As far as instant gratification, it turned out to be one of the more productive draft picks in the history of the Bengals. At No. 37 in the top of the second round last year, they selected North Carolina's Giovani Bernard and he bolted off the board to a club-record 56 catches by a running back while averaging 4.1 yards per 170 scintillating carries and earning a berth as a NFL Rookie of the Year finalist.

Not to mention capturing the imagination with humility and passion in the effort to pull his family out of poverty and despair in the wake of his mother's death at age seven.

He went from borderline second-rounder to the red carpet of NFL awards night at the Super Bowl.

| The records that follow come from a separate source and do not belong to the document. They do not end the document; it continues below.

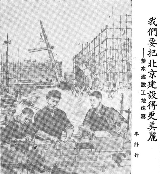 1950年3月,中央人民政府开始大力进行统一全国财政收支和稳定金融物价的工作。此后,北京的城市建设逐渐步入正轨,各行各业开展了轰轰烈烈的生产运动。盖房子、修桥、筑路、开矿井、办工厂、安装机器、架电线……那些年,北京城大力开展基本建设,到处都是一派热火朝天的建设景象。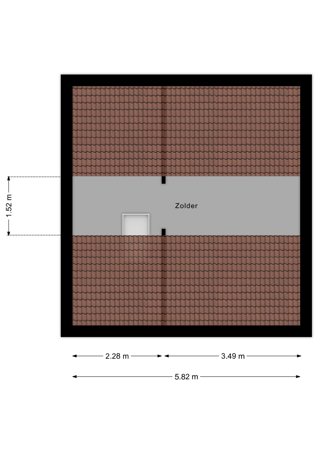 Via een vlizotrap te bereiken zolder van ca. 9 m², met de opstelling van de cv-ketel (Remeha Avanta, eigendom, 2019).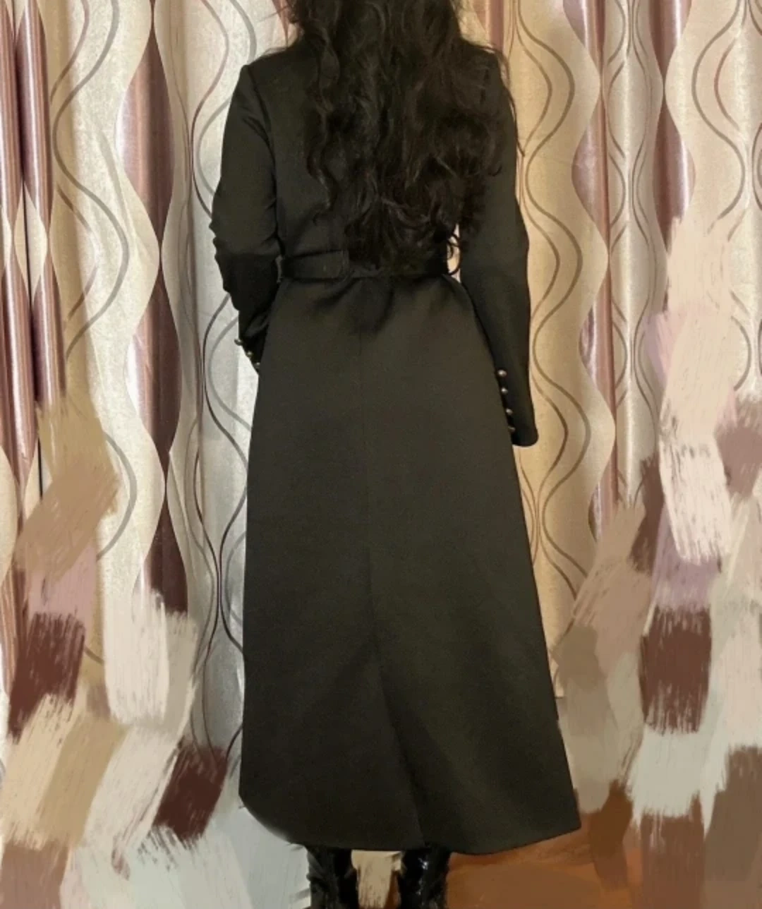 I love this coat but it fits me large now. This coat also can fin on medium (I used to be medium) This coat has a double breasted front with gold buttons and a waist tie. It has pockets and a long cut

The pick also displayed why the Bengals have drafted so well over the past five years. True, Bernard is one of those rare no-brainers draped in war-room unanimity. But he had to get there through an intense series of checks and balances interlocking the personnel department, coaching staff, and ownership in their effort to pull consensus out of the myriad of names and numbers.

With this year's first round on Thursday night, here's how Bernard became a Bengal last year:


Like he does at every school he visits during the season, Greg Seamon, the Bengals' east coast scout, sits down with the people he knows and trusts and talks about their pro prospects. During a discussion with North Carolina offensive coordinator John Shoop in the 2010 season, he tells Seamon he's excited about a freshman running back that he can use in every aspect of the offense. This catches Seamon's attention since Shoop is a former coordinator with the Bears and Raiders who runs the pro style. The kid is only 5-9, but the new NFL has been kind to short backs that can catch and jet in the ever growing spaces of the pro game.

It isn't too long after that when Bernard tears up his knee and misses the rest of that frosh season. But Seamon files the conversation away.

"That's the first line of defense for us, the area scouts," says director of player personnel Duke Tobin. "Those are the guys on the ground and the guys closest to the programs. They're going to see these guys before anybody else."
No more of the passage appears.